While the economy continues to show signs of strength, industries that traditionally cater to teen workers are scaling back, meaning opportunities for teens might appear in unusual places or later in the summer when retailers have assessed consumer demand, according to an outlook released Tuesday by global outplacement consultancy Challenger, Gray & Christmas, Inc.

“Retail, including long-standing clothing and accessories stores, are pivoting to online sales and continue to cut in-store workers,” said John A. Challenger, chief executive officer of global outplacement firm Challenger, Gray & Christmas, Inc., which released its annual teen summer job outlook on Tuesday.

“Teenagers will still have many opportunities, but they will not necessarily be in traditional retail stores.”

Indeed, retailers have cut over 34,000 jobs in the first two months of the year, according to Challenger tracking. The Bureau of Labor Statistics tracked 26,000 job losses in general merchandise stores; sporting goods, hobby, book, and music stores; and electronics and appliance stores in February.

“If retailers do decide to beef up hiring, it will likely be later in the summer for back-to-school season leading up to the winter holiday shopping season. In the meantime, teens who want summer employment should look in non-traditional areas and tap into older, employed contacts to seek out possible positions,” said Challenger.

Last summer saw the strongest teen employment since 2013, when 1,335,000 teens found jobs. Employment among teens increased by 1,339,000 between May and July in 2016. That was 15.4 percent more than through the same period in 2015, when 1,160,000 16- to 19-year-olds were added to the employment rolls.

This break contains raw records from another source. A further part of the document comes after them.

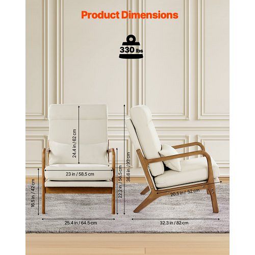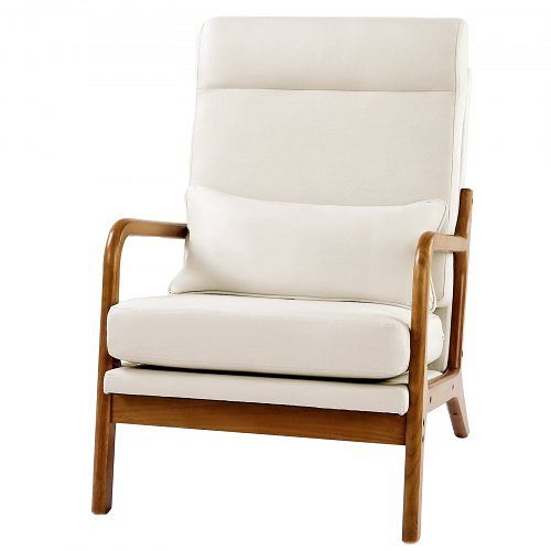 VEVOR Akzentstuhl modern, hohe Rückenlehne, Massivholzrahmen, rutschfeste Beine, gepolstert, Leinenstoff & dickes Kissen, MZZSY1JTYMBGKU2OA001V0, 0197988147329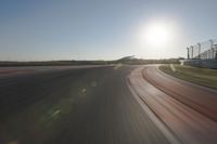 This is an image of a straight road with asphalt surface stretching into the horizon. The clear sky above shows a beautiful sunrise, casting a warm glow on the surrounding field. The motion blur effect captures the speed and excitement of a race or race track. The image showcases the infrastructure of the road and the stadium in the distance, where the racing takes place. It is a perfect representation of a sunny day, with the sun visible in the sky. This photo invites the viewer to experience the thrill of fast cars and open roads.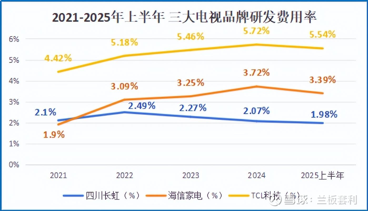 而四川长虹在面对 MiniLED 电视的爆发时反应迟钝,2021 - 2025 年上半年,相比于海信和 TCL,四川长虹在研发上的投入力度欠缺,2% 左右的研发费用率显著低于前两家企业,这导致其未能及时推出具有竞争力的 MiniLED 产品。尽管 2025 年上半年其 MiniLED 产品销量同比增长 110.2%,但仍落后于头部品牌。

Last year’s total was helped by heavier-than-usual teen employment gains in July. A total of 492,000 teenagers found jobs in July, according to non-seasonally adjusted data released by the U.S. Bureau of Labor Statistics. The July teen job gains were 33 percent higher than the previous July’s 369,000, and 25 percent higher than the 392,900 July job gains averaged over the previous 10 years.

The strong summer hiring brought last year’s total employment among 16- to 19-year-olds to 6,040,000, which is the highest number of employed teens since August 2008, when 6,142,000 teenagers were working.

Currently, 4,657,000 16 to 19 year-olds are employed, an increase of 49,000 workers from the previous February. If last summer’s trend continues, that number could jump to over 6 million by August.

“With unemployment at 4.7 percent and 200,000+ new jobs a month, older workers and college grads who may have been working part-time or in entry level positions will have more opportunities to move into better positions. We expect slightly more teens to find employment this summer than we saw last summer.

“We’ve seen a drop in workers who are working part-time for economic reasons, from 6.1 million last year to 5.7 million in February, and those positions may be well-suited to teen workers.

“Even with the recent gains, though, teen employment is a shadow of its former self. The latest figures are well below the employment levels of the late 1990s and early 2000s, when it was common to see 7.0 million to 8.5 million teenagers employed at the peak of the summer job surge. In 1978, more than 10 million teenaged Baby Boomers were working in July,” said Challenger.

The percentage of teenagers participating in the labor force has been declining since the 1970s. Currently, only about 32 percent of teens participate in the labor force, a figure that has held steady since the end of the recession.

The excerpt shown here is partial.